Summary
Democratic Republic of Congo (DRC) declared their tenth outbreak of Ebola in 40 years on 1 August 2018. The outbreak is centred in the northeast of the country. With the number of cases passing 1,000, it is now by far the country's largest-ever Ebola outbreak. It is also the second-biggest Ebola epidemic ever recorded, behind the West Africa outbreak of 2014-2016.
On 11 June 2019, Uganda announced that three people had been positively diagnosed with Ebola, the first cross-border cases since the outbreak began.

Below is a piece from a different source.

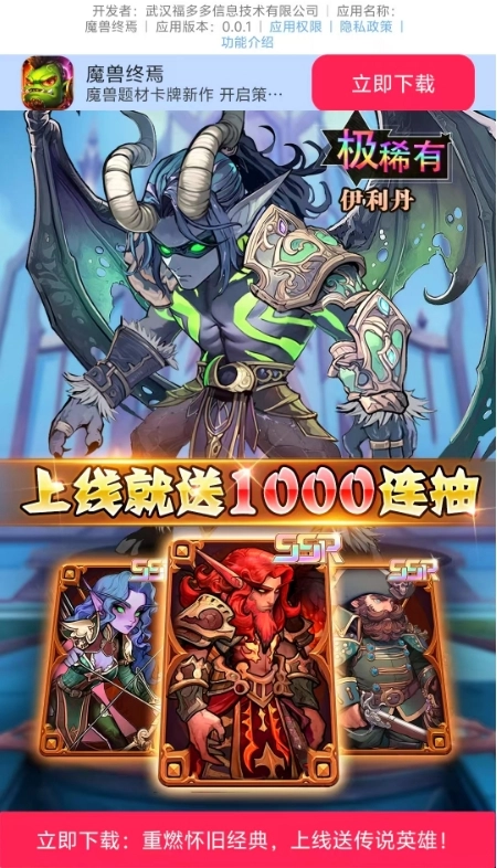 上线即赠1000连抽,超稀有魔兽卡牌英雄待你领取!
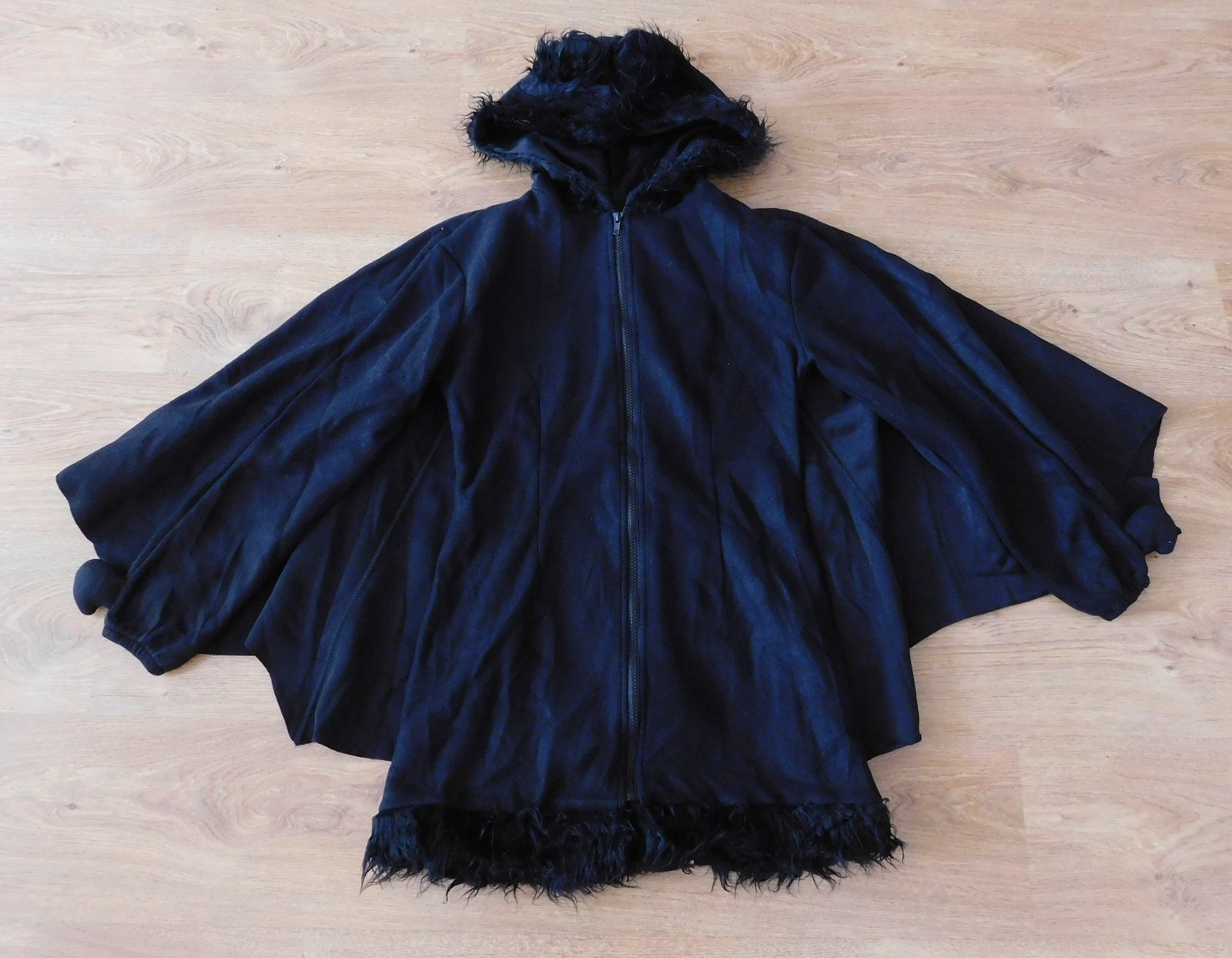 d.75cm,š.2x45cm,ruk.od krku 69cm,kapucka s oušky netopýra.Uvnitř křídel netopýra všitá teplá mikina

Latest figures - information as of 16 June 2019; figures provided by DRC Ministry of Health.
- 2,148 TOTAL CASES
- 2,054 CONFIRMED CASES
- 1,440 CONFIRMED DEATHS
Retrospective investigations point to a possible start of the outbreak back in May 2018 – around the same time as the Equateur outbreak earlier in the year. There is no connection or link between the two outbreaks.
The delay in the alert and subsequent response can be attributed to several factors, including a breakdown of the surveillance system due to the security context (there are limitations on movement, and access is difficult) and a strike by the health workers of the area which began in May, due to non-payment of salaries.
A person died at home after presenting symptoms of haemorrhagic fever. Family members of that person developed the same symptoms and also died. A joint Ministry of Health/World Health Organization (WHO) investigation on site found six more suspect cases, of which four tested positive. This result led to the declaration of the outbreak.
The national laboratory (INRB) confirmed on 7 August that the current outbreak is of the Zaire Ebola virus, the most deadly strain and the same one that affected West Africa during the 2014-2016 outbreak. Zaire Ebola was also the virus found in the outbreak in Equateur province, in western DRC earlier in 2018, although a different strain than is affecting the current outbreak.